Bill Crawford’s Flightlab Blog
Aerobatics, Aerodynamics, Airmanship

Bill Crawford’s Flightlab Blog

Red, White, and Blue (”Flightlab,” Atlantic Flyer, August 2007)

October 26th, 2007 . by Bill Crawford

I’ve never been to an airshow outside the United States, so I can only imagine what it might be like elsewhere on the planet. In the U.S., at least, major airshows tend to involve patriotic themes. This is especially the case at airbases or when there’s otherwise a strong military presence. But even when the Thunderbirds or the Blue Angels aren’t around, the Flag usually gets waved pretty hard.

Which happens in both literal and symbolic terms. I can’t remember an airshow that didn’t begin with skydivers descending with an American Flag. Taking symbolism to the limit, airshow performer Julie Clark calls her “Mopar T-34” the Free Spirit. It makes red, white, and blue smoke; the aircraft, in effect, becoming the Flag. The imagery is potent. Aerobatic flight represents physical freedom of the highest order, and it’s popularly thought to demand physical courage. Stick them together and you have America’s fundamental notion of itself—the land of the free and the home of the brave. Clark’s aircraft is even painted with a nod toward “Air Force One.” Plus, as she flies, Neil Diamond’s “Coming to America” blares dramatically from the sound system. When Clark lands and taxis back in, she waves an American Flag out the canopy. There’s nothing subtle (or new) about the appropriation of the national identity by a performer working the emotions of a crowd. There’s nothing subtle about the national identity it projects, either. Then again, what could be more boring than a subtle airshow?

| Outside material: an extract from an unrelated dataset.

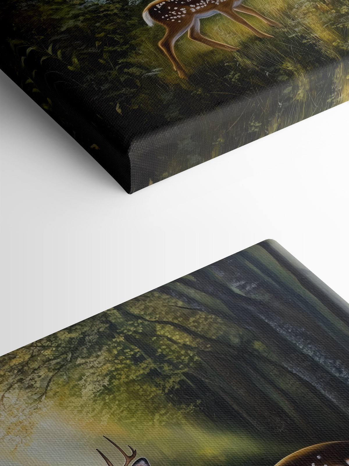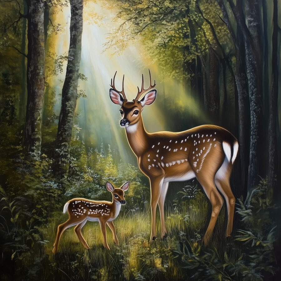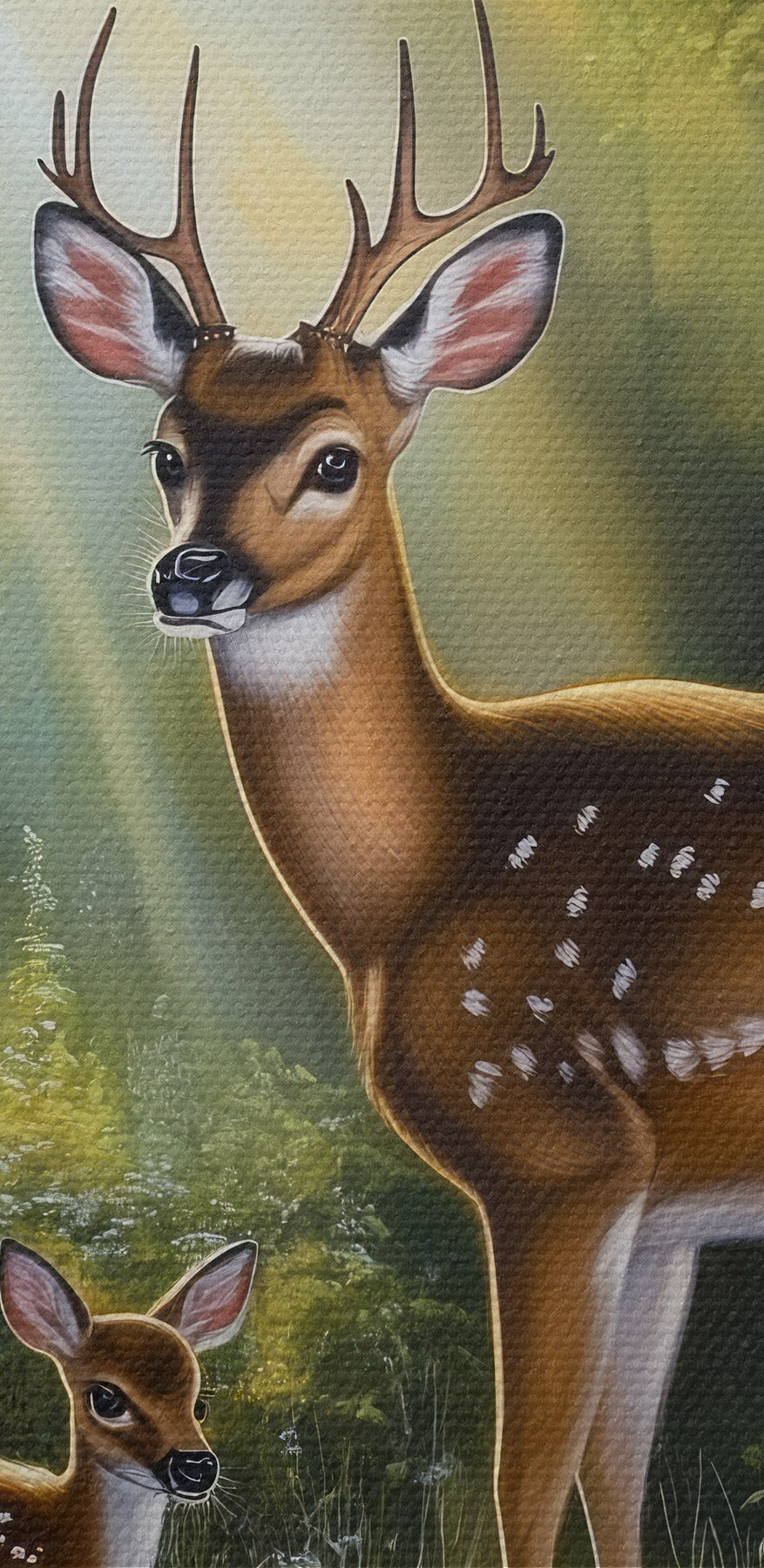 Odmień swoją przestrzeń dzięki temu czarującemu obrazowi na płótnie “Deer in the Woods”. Wyobraź to sobie teraz: dwa wdzięczne jelenie stojące w rozświetlonym słońcem lesie, zapraszające poczucie spokoju i inspiracji wprost do Twojego domu. Ten obraz oddaje ciche piękno natury, dzięki czemu idealnie nadaje się do każdego pomieszczenia, które pragnie odrobiny spokoju.

I’m a child of the political ‘60s, so you have to be cautious around me and not expect to pluck my heartstrings. I think listening to anything sung by Neil Diamond is like eating lard. Having already been told to “love it or leave it,” I’m wary of those whose patriotism is either aggressively simple-minded or just a ploy to get me to agree with a bad idea—or maybe to buy a certain brand of auto parts.

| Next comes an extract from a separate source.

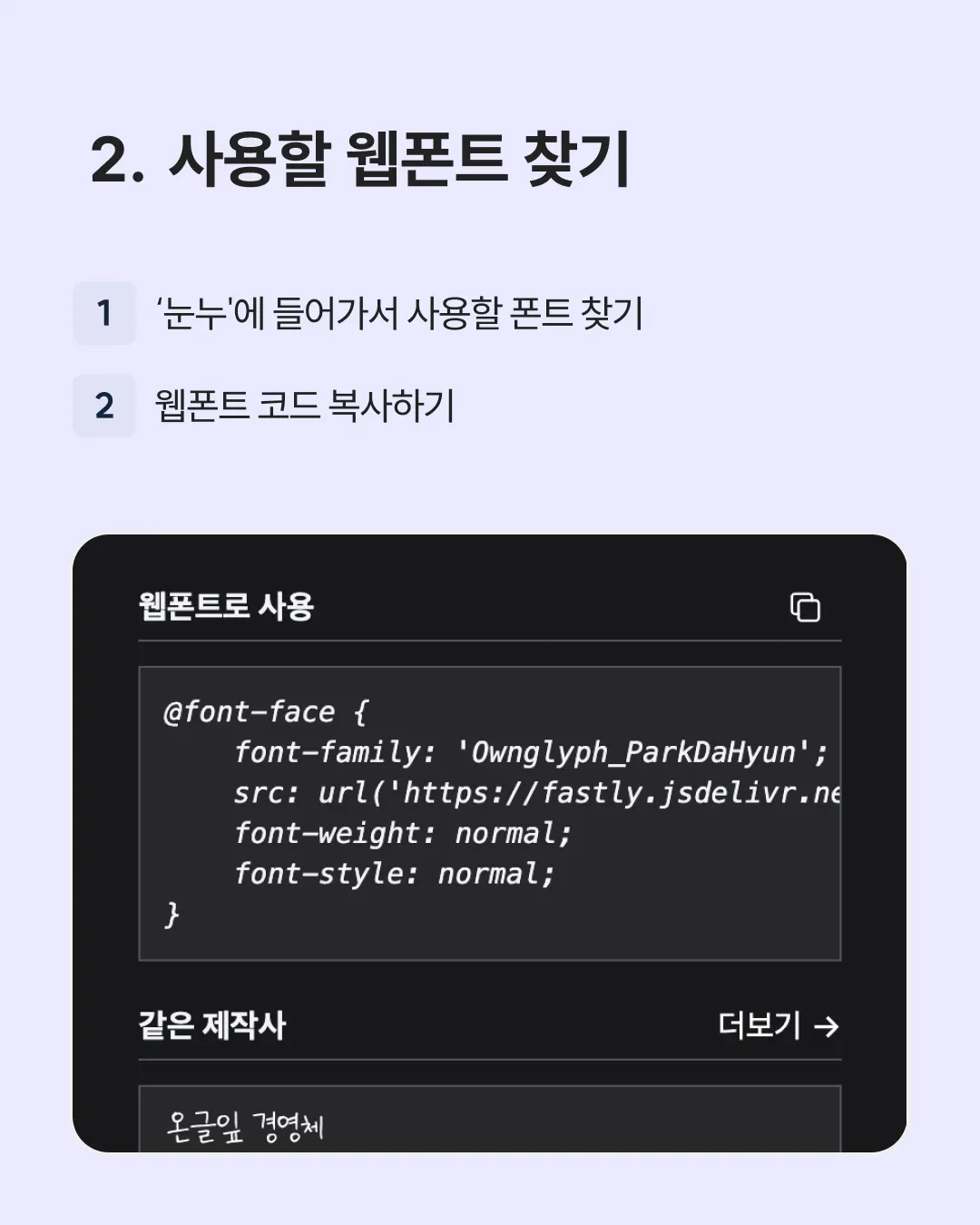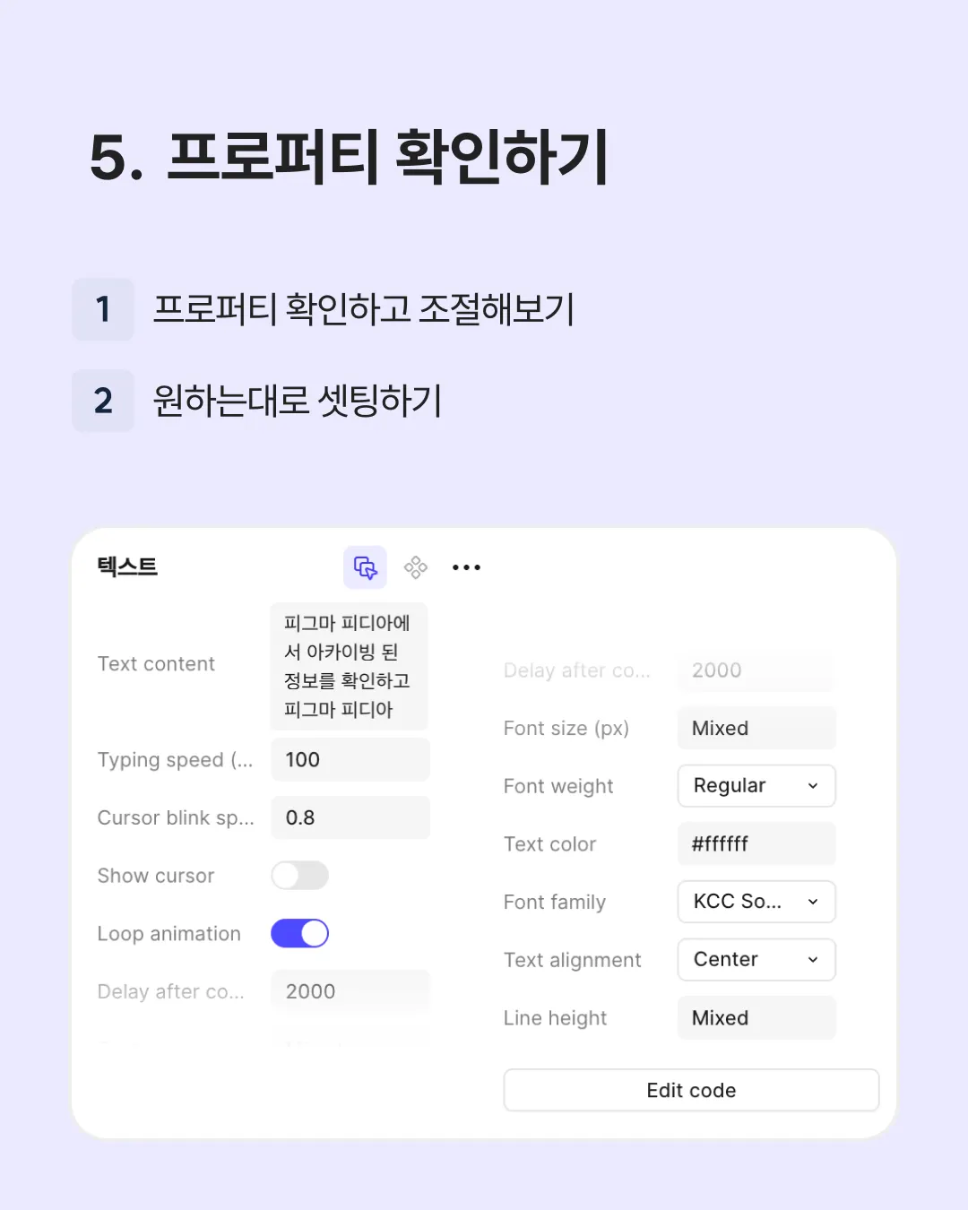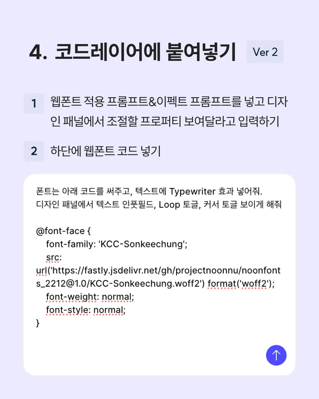 이렇게 코드 레이어를 활용하면 사이트에서도 충분히 커스텀 폰트를 손쉽게 적용할 수 있고, 동시에 이펙트까지 적용해 볼 수 있어요.

As a result, I sometimes miss out on the fun. The pilot in me loves it when an F-18 pulls so hard you can see water vapor condense over the wings. But then the cautious patriot in me remembers that the aircraft is, in its brutal reality, a killing machine. I can accept the need for such a machine, but I can’t stop worrying about its misuse. I can admire those Americans and others who are fighting now in Iraq and Afghanistan, and thank them. But I can’t feel as I might have if the war—in Iraq, at least—had not been such a duplicitous blunder. I feel the troops need my apology more than my thanks. A bad world became worse because we refused to examine our presumptions, and servicemen and women and their families have taken the brunt. We abused their patriotism. Maybe we should re-question the meaning of our own—not to lose love of country but to see things with more critical, less-misty eyes, and minus the soundtrack.

Patriotic enthusiasm comes easier to me, without ambivalence, when I’m watching World War II warbirds, defenders of liberty against outright aggression, pure and simple. The older warbirds at airshows bring to mind Hollywood scenes of fighter pilots in individual combat or bomber crews with the wise guy from the Bronx and the kid from Nebraska battling through the flack and the Messerschmitts. And the World War II machines, now antiques, refer us back to what really were simpler times, when enemies were bordered nation states with aircraft of their own, and we could harness our industrial might to pummel them in a standup fight, toe to toe. We didn’t have to win hearts and minds afterwards, or keep the fanatics apart. We didn’t have to deal house to house with vicious sectarian and tribal resentments many times older than our own country. Victory was absolute. Maybe those were the days. Then again, be careful what you wish for. Not much stays simple anymore.